Taniej, ale też prościej zjemy w znajdującym się też przy ul. Piwnej zobacz na mapie Gdańska - po sąsiedzku - Kosie - jednym z najbardziej popularnych lokali w Śródmieściu. W karcie śniadaniowej (w godz. 9-12) jest różnorodnie i klasycznie - ja wybieram najprostsze rozwiązanie: twarożek z rzodkiewką i szczypiorkiem. Koszt: 9 zł, a w cenie zawiera się koszyk pieczywa z masłem (i konfiturą) oraz herbata (albo kawa). Gości nie brakuje, ale obsługa jest ekspresowa. Zdziwiłbym się, gdyby było inaczej, bo przecież nałożenie kilku łyżek białego sera do miseczki i przybranie go jedną rzodkiewką raczej dużo czasu nie powinno zająć. Twaróg jest dość suchy, rzodkiewek w nim jak na lekarstwo, ale całość wypada smacznie i funkcję taniego, domowego śniadanie spełnia bez zarzutu. Jest przeciętnie, ale idąc do tego typu bistro co Kos, właśnie tego powinniśmy się spodziewać.

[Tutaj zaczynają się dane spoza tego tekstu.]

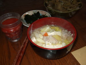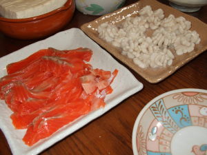 いらっしゃいませ ようこそ 小料理 タコははへ!美人???ブヒ! 女将のタコははです。どうぞ ごひいきに さあさあ カウンターの席にどうぞ! 最初のおすすめは 「お刺身」 です。今夜はサーモンと白子です。この白子は軽く湯通しして、冷たい水で締めて、刻みネギとポン酢に一味唐辛子少々でお召し上がり下さい。まったりと濃厚な味はお酒のつまみには最高ですよ。それから 「湯豆腐」 もどうぞ。冬越しした柔らかくて美味しいネギがあるので、このネギの美味しさを引き出すのはやっぱり湯豆腐ですよね。風邪予防にもたっぷり入れてお召し上がり下さい。その他に 「切干大根とワカメの酢の物」 と 「松前漬け」 も作りました。切干大根をたっぷり戻したので、半分を酢の物、残りは松前漬けに入れました。コリコリした歯ごたえがいいですよ。あら タコちゃん いらっしゃいませー 午後から雪が降り出し、夕方には本格的になって 「なごり雪」 になりましたね。汽車を待つ君の横でボクは~♪動き出した汽車の窓に顔を付けて~♪いま春が来て君は綺麗になった~♪今夜はあの名曲を知ってるタコちゃんがいつの間にかタコ江さんになってる 「北の田舎町の小料理屋さん」 メニューでした。タコははの手帳より「平成18年2月3日 ダイエット13ヶ月3日目夕食メニュー」太巻き、タラちり、トマトジュース体重57.4
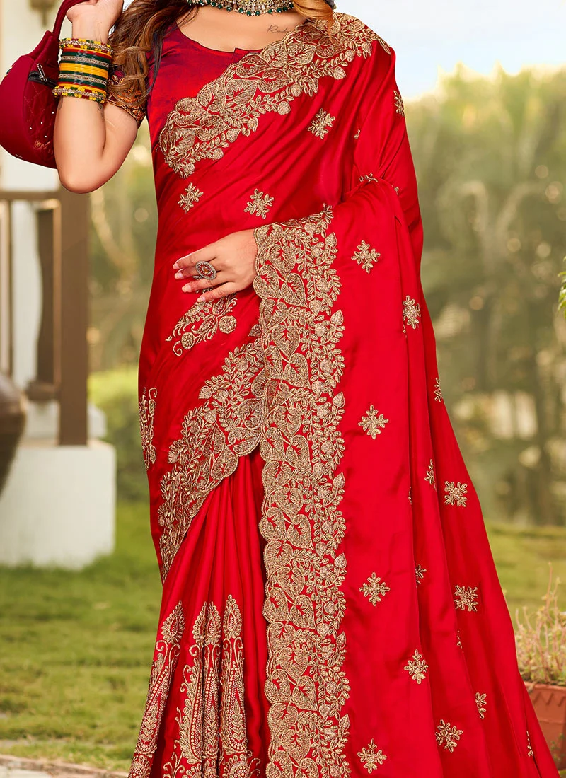 The Red Satin Blend Embroidered Saree is a stunning piece of ethnic attire that embodies elegance tradition and modern fashion sensibilities. Crafted with meticulous attention to detail this saree is a perfect blend of timeless grace and contemporary style. The rich red hue of the satin fabric exudes sophistication and warmth making it an ideal choice for special occasions such as weddings parties and festivals. The soft and smooth texture of the satin blend fabric drapes beautifully enhancing the wearers silhouette and adding a touch of glamour to any event. One of the standout features of this saree is its intricate embroidery work. Delicate and elaborate embroidery adorns the saree creating exquisite patterns and motifs that catch the eye. The embroidery is done with precision and skill using fine threads and embellishments that add a touch of opulence to the overall design. The craftsmanship reflects the expertise of skilled artisans who have poured their creativity and dedication into every stitch making this saree a true work of art. The saree is adorned with tasteful embellishments that enhance its overall appeal. Shimmering sequins dazzling stones and intricate zari work are meticulously incorporated into the design adding a subtle sparkle that catches the light and creates a mesmerizing effect. These embellishments not only elevate the aesthetic appeal of the saree but also make it perfect for evening events and celebrations. The pallu of the saree is particularly noteworthy featuring elaborate embroidery and a border that frames the drape beautifully. The attention to detail in the pallu design showcases the craftsmanship of the artisans and adds a touch of grandeur to the ensemble. The saree comes with a matching blouse piece that complements the overall look allowing the wearer to customize the blouse according to their preferences. In summary the Red Satin Blend Embroidered Saree is a masterpiece that combines luxurious fabric exquisite embroidery and tasteful embellishments to create a saree that is both visually stunning and culturally rich. It is a testament to the rich heritage of Indian craftsmanship and a musthave addition to any discerning fashion enthusiasts wardrobe. Wearing this saree is not just a fashion choice it is a celebration of artistry culture and individuality.

  • Najprostszy na świecie twarożek z rzodkiewką w Kosie.
Jednym z niewielu miejsc, gdzie śniadanie zjemy przez cały dzień jest Marmolada Chleb i Kawa we wrzeszczańskim Garnizonie zobacz na mapie Gdańska. Lokal zapełnia się już od samego rana - podczas mojej wizyty parę minut po otwarciu o godz. 8 kilka stolików było już zajętych. Mimo to jest tutaj zacisznie i spokojnie. Karta śniadaniowa jest naprawdę spora i w zasadzie powinna zaspokoić wszystkie zachcianki (są nawet takie ciekawostki, jak wytrawne gofry z bekonem i jajkiem - rzadko spotykane danie w innych miejscach). Ja wybieram pozycję, z której wrzeszczański lokal słynie - zestaw pieczywa z domowymi pastami śniadaniowymi. Otrzymuję koszyk wypiekanego na miejscu chleba na zakwasie i bagietkę oraz trzy kokilki z wybranymi smarowidłami: pastę z makreli i ogórka, jajeczną oraz ucierane na miejscu masło orzechowe (jest jeszcze: twarożek ze szczypiorkiem, hummus, pasta buraczana z tymiankiem oraz groszkowa z miętą). Są świetne, szczególnie to ostatnie - gęste i kremowe. Pachnący świeżością chleb mógłbym zajadać i bez past. Jedyny minus to wielkość tego śniadania - pieczywa jest sporo, ale nawet gdybym chciał zjeść wszystko, nie starczyłoby mi smarowideł. Cena: 16 zł plus 4 zł za śniadaniową kawę lub herbatę.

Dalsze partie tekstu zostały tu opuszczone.